Stored data –
----------------

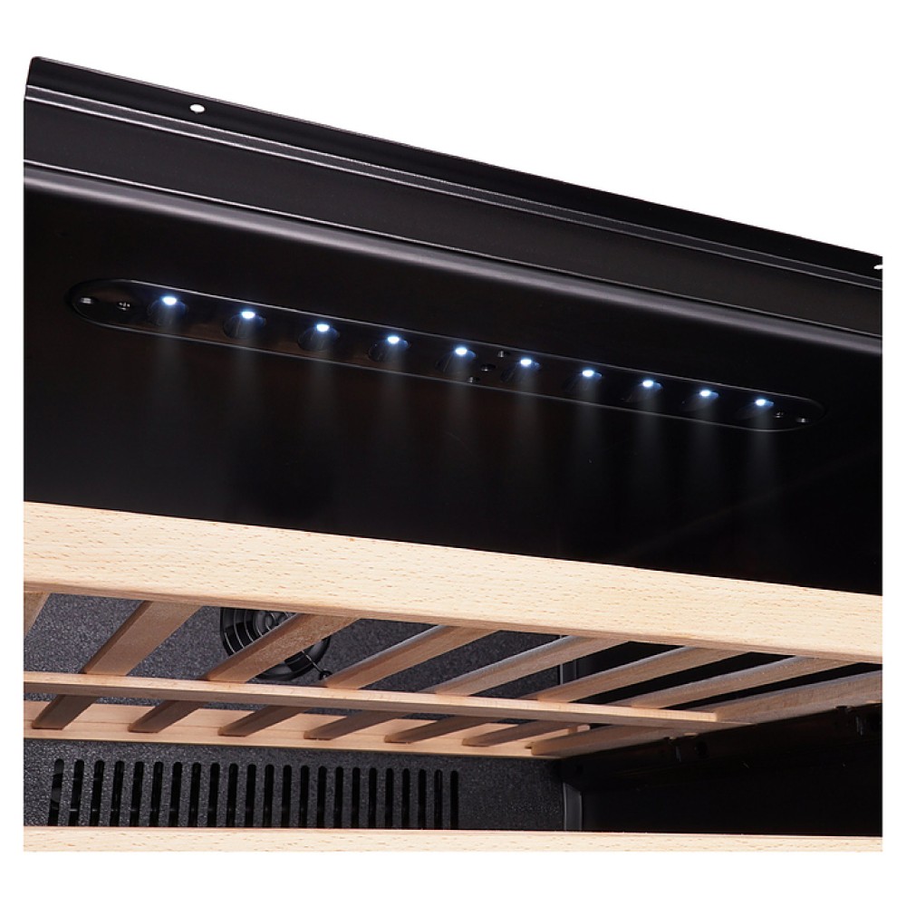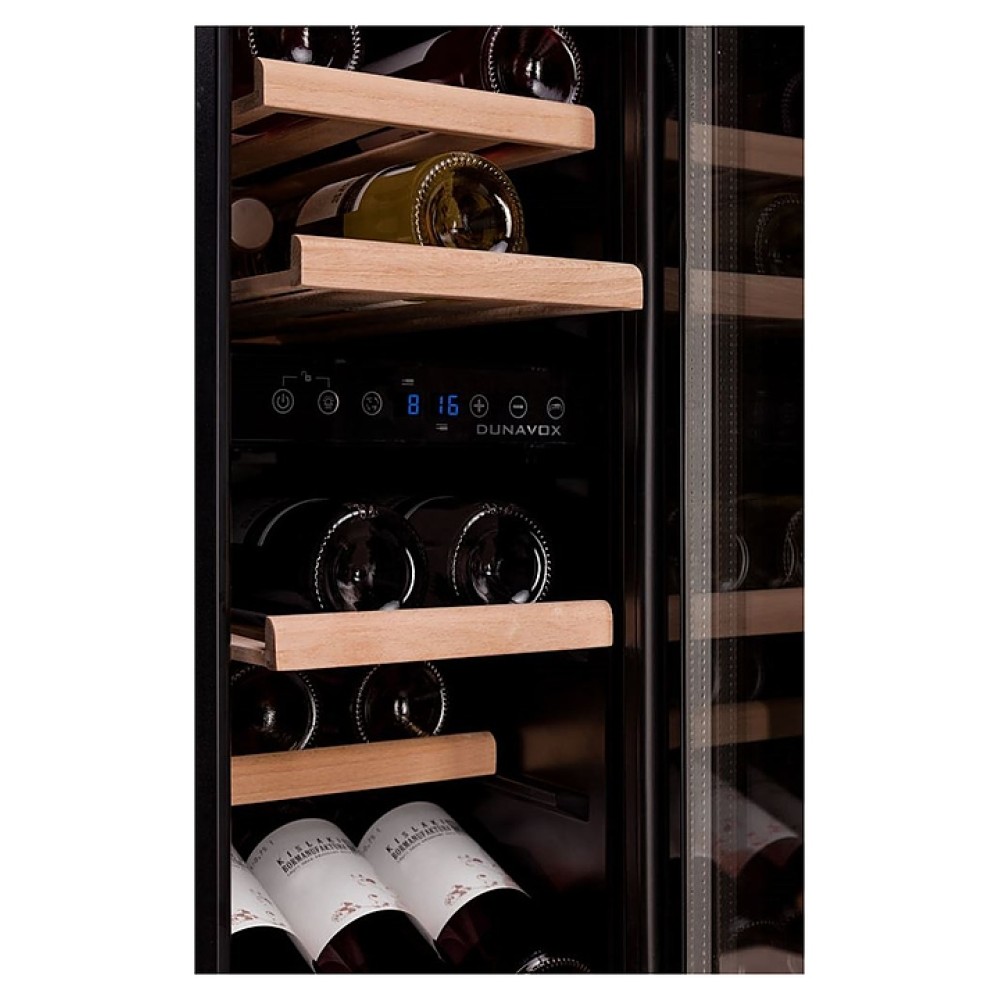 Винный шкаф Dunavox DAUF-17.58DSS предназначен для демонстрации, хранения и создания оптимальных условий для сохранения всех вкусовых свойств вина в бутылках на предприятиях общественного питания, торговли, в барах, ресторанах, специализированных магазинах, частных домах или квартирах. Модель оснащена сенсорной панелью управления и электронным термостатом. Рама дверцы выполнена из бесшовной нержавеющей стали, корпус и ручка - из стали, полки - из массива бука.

----------------

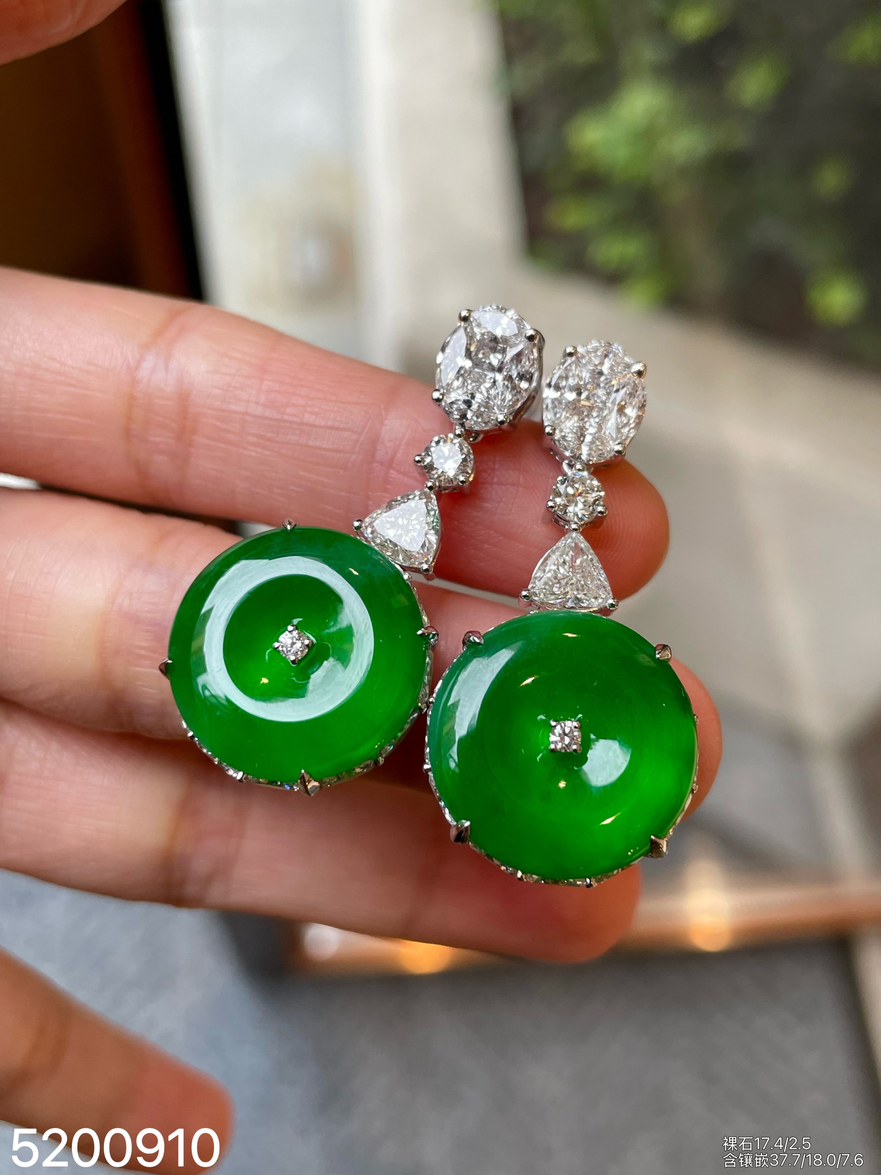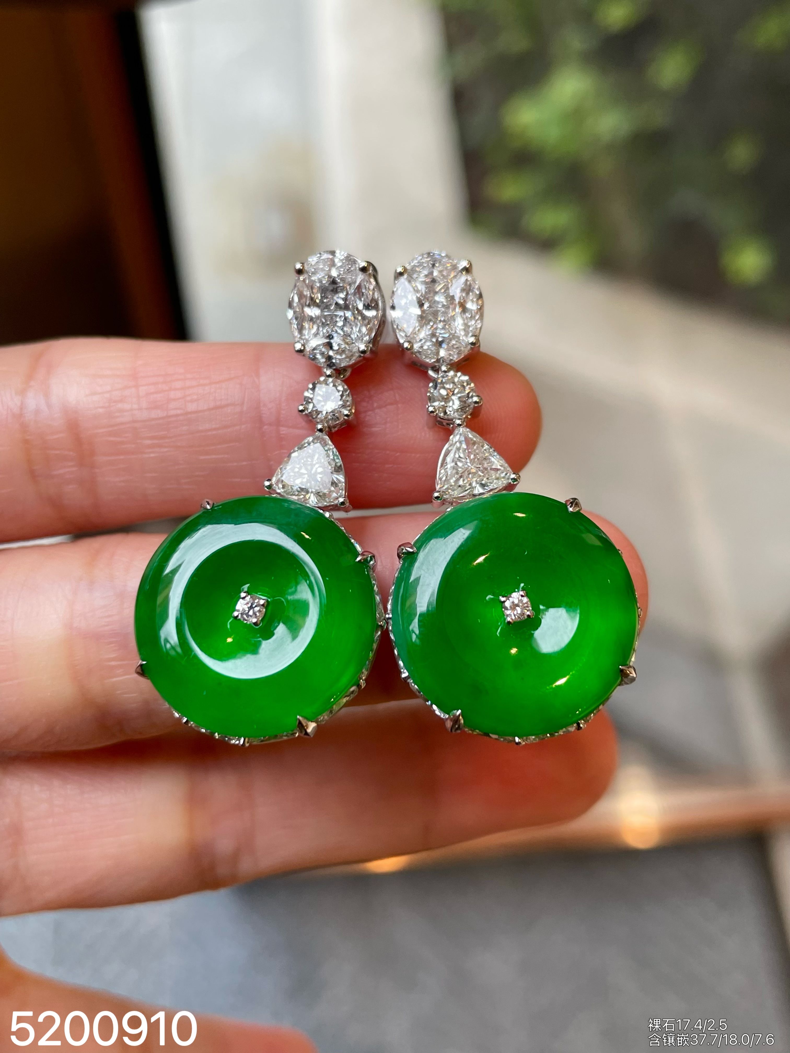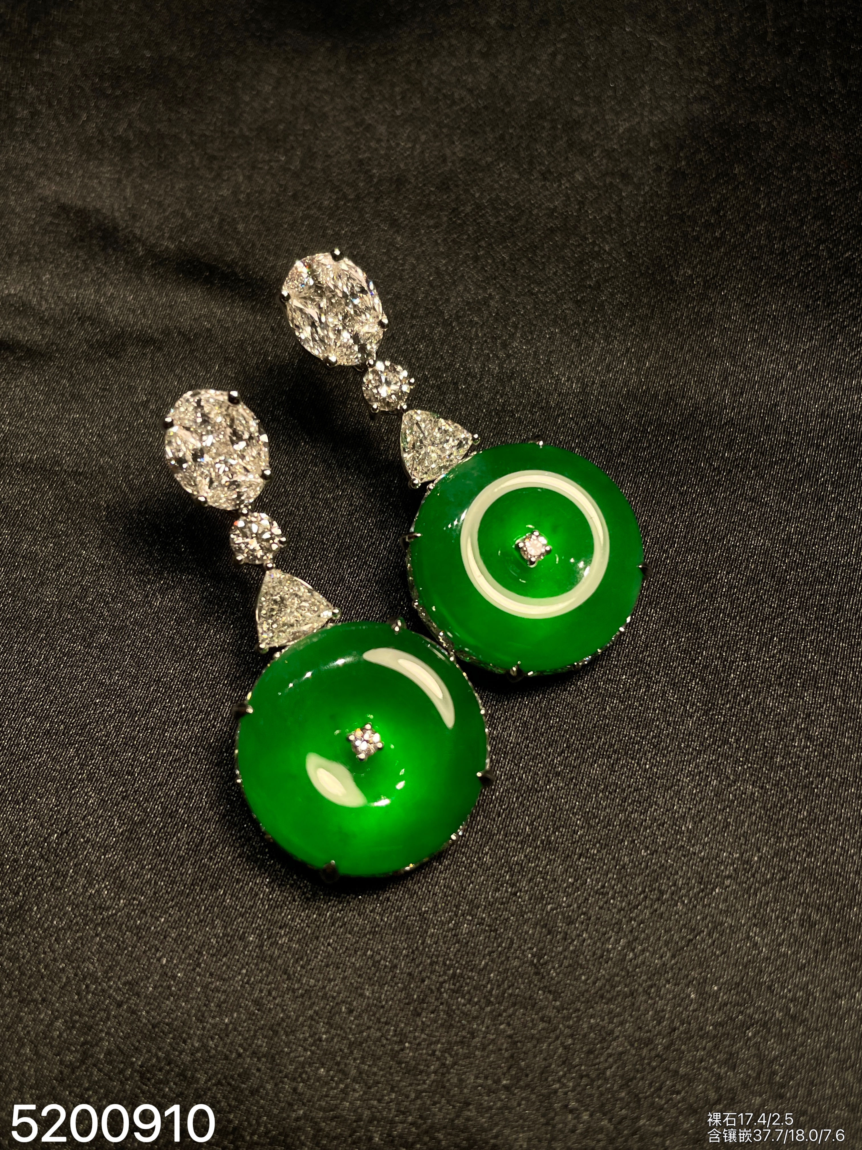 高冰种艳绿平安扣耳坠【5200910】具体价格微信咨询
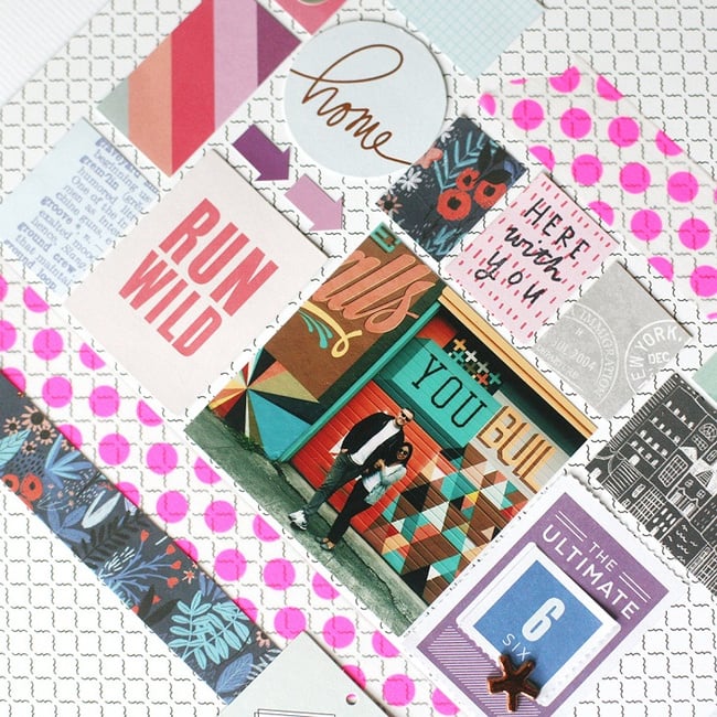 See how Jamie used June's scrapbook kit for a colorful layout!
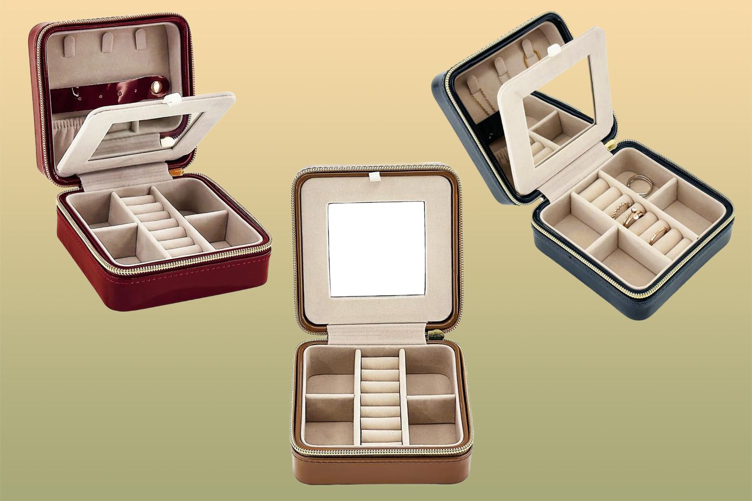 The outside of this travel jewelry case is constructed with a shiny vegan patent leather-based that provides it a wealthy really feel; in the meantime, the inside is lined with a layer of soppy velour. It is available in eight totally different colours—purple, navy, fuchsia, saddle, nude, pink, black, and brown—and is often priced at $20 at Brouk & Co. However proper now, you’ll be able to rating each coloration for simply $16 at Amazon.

----------------

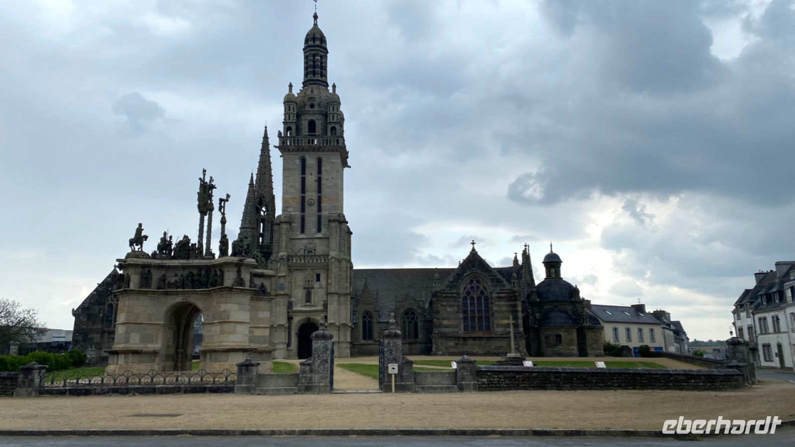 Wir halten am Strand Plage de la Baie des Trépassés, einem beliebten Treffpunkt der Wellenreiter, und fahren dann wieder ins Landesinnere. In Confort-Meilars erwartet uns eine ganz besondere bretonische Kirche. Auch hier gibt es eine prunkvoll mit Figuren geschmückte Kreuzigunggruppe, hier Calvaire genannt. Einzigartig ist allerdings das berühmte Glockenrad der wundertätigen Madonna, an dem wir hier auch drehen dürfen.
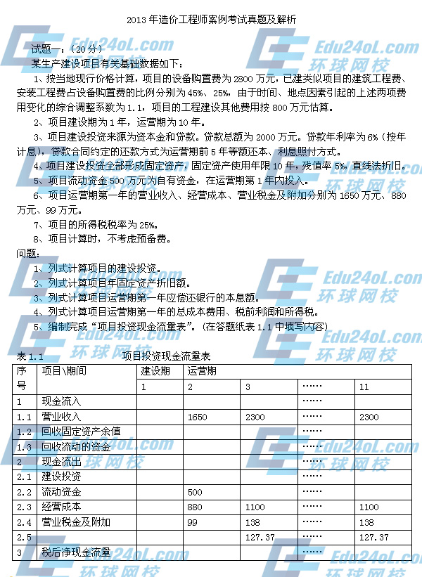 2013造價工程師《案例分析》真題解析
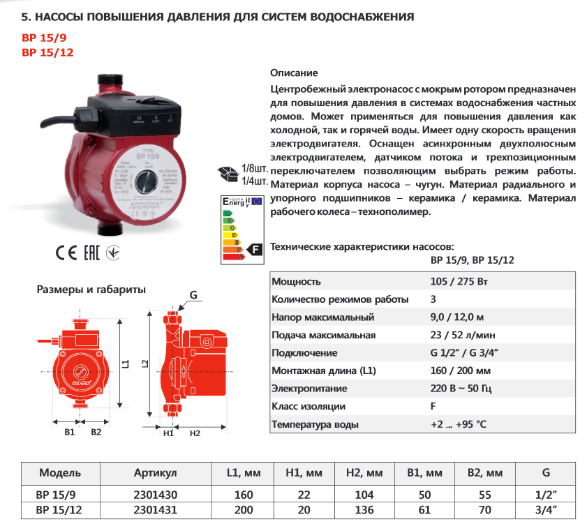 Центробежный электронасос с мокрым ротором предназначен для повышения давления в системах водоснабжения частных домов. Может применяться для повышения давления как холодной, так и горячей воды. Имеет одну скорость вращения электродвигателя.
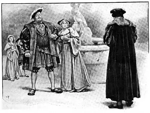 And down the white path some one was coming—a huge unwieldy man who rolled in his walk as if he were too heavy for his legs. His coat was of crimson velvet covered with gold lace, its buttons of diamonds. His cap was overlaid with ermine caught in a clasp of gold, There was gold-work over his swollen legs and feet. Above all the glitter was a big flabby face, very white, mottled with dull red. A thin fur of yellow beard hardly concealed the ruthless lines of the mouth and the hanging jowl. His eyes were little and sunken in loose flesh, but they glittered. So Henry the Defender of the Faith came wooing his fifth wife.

----------------

Exercise – In the entries above, which lines run from the one with "2013造價工程師《案例分析》真題解析" up to and including the one with "Центробежный электронасос с"? Write them out exactly, without the pictures.

Reply to the exercise –
 2013造價工程師《案例分析》真題解析
 Центробежный электронасос с мокрым ротором предназначен для повышения давления в системах водоснабжения частных домов. Может применяться для повышения давления как холодной, так и горячей воды. Имеет одну скорость вращения электродвигателя.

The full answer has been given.